Добрая, щедрая душа, последним поделится. То корочки апельсиновые принесла: «Вместо нафталина в шифоньере держала до войны. В них же витамин от цинги, компот для Танечки сварить можно». То обнаружила в домашней аптечке коробочку с гомеопатическим лекарством, отсыпала горошков: «Они же на сахарине». А недавно пригласила через Таню к себе, велела мешок взять или сумку большую.

«Зиновий мой открытие сделал, — обрадованно сообщила Ираида. — Из обоев же болтушку сварить можно!»

Мария Игнатьевна не думала о таком: дома обоев не было, стены и потолки беленые.

«Крысы подсказали, — продолжила удивление и радость мужниного открытия приятельница. — У других давно исчезли, а нам до сих пор нет от них покоя, средь бела дня нагличают, стены обгрызают. Обои же на мучном клейстере!»

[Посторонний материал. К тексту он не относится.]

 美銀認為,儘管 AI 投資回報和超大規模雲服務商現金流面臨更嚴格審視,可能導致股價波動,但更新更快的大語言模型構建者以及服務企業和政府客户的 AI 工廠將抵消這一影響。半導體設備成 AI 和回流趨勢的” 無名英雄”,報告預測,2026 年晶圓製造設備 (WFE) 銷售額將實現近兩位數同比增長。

Зиновий Иванович, он электромонтером в трамвайно-троллейбусном парке работал, разметил стены на прямоугольники и квадраты, как хлебные и крупяные карточки — на талоны. Несколько суточных «норм» Нащерины оборвали для Савичевых.

Темно. Морозно. Тихо и безжизненно. Время от времени откуда-то из-за Невы, с окраины города, с передовой линии фронта долетали глухие удары взрывов и выстрелов.

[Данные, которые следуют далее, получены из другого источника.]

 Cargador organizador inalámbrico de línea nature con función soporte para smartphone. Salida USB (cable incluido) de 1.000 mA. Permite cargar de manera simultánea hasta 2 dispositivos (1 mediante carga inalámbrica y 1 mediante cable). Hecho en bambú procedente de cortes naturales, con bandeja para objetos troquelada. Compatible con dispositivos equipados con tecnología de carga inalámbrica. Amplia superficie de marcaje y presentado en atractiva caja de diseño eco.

Груз одежды угнетает плечи, ноги подгибаются сами по себе, присесть бы, а еще лучше — лечь...

Нет, нельзя, ни в коем разе нельзя садиться. Сколько [103] их, сидячих и скорченных, на ступенях и в сугробах... И неположено сидеть на дежурстве.

Мария Игнатьевна неуклюже потопталась, вяло обхлопала себя накрест, чтоб согреться и сонливость разогнать. И опять думы вернулись на круги своя, к детям, к матери. С ней совсем худо. Участковый врач Анна Семеновна прямо заявила: «Дистрофия второй степени. Евдокия Григорьевна, строго говоря, в одном шаге от третьей».

Третья степень алиментарной дистрофии — немедленная госпитализация или медленное умирание. Бабушка наотрез отказалась от больницы: «Там и без меня коридоры переполнены, класть некуда. Лучше в своей постели...»

Послышалось, будто пружинный матрац заскрипел. Мария Игнатьевна насторожилась, чуть высвободила ухо.

Снег под ногами хрустит, а нет никого.

— Кто? — окликнула на всякий случай.

— Нащерина, — ответили за спиной. — Смена. Надо же как темно.

Свет

Так совпало, что все кончилось разом: электричество, вода, отопление.

Без тока давно научились обходиться в быту. Без тока, керосина, свечей. Напридумали, смастерили всевозможные простейшие светильники на машинном масле. Яркости меньше, чем от лучины, но копоти — все тропинки на заснеженных улицах в черных плевках.

Самую маленькую, экономную коптилку из пузырька от чернил и нитяного фитилька не гасили на [104] ночь, берегли огонь, как пещерные люди. Спички ведь тоже не купить... Лека принес кресало, обломок напильника, кусок кварца и трут из хлопчатки, но такой зажигалкой разве что курильщику пользоваться.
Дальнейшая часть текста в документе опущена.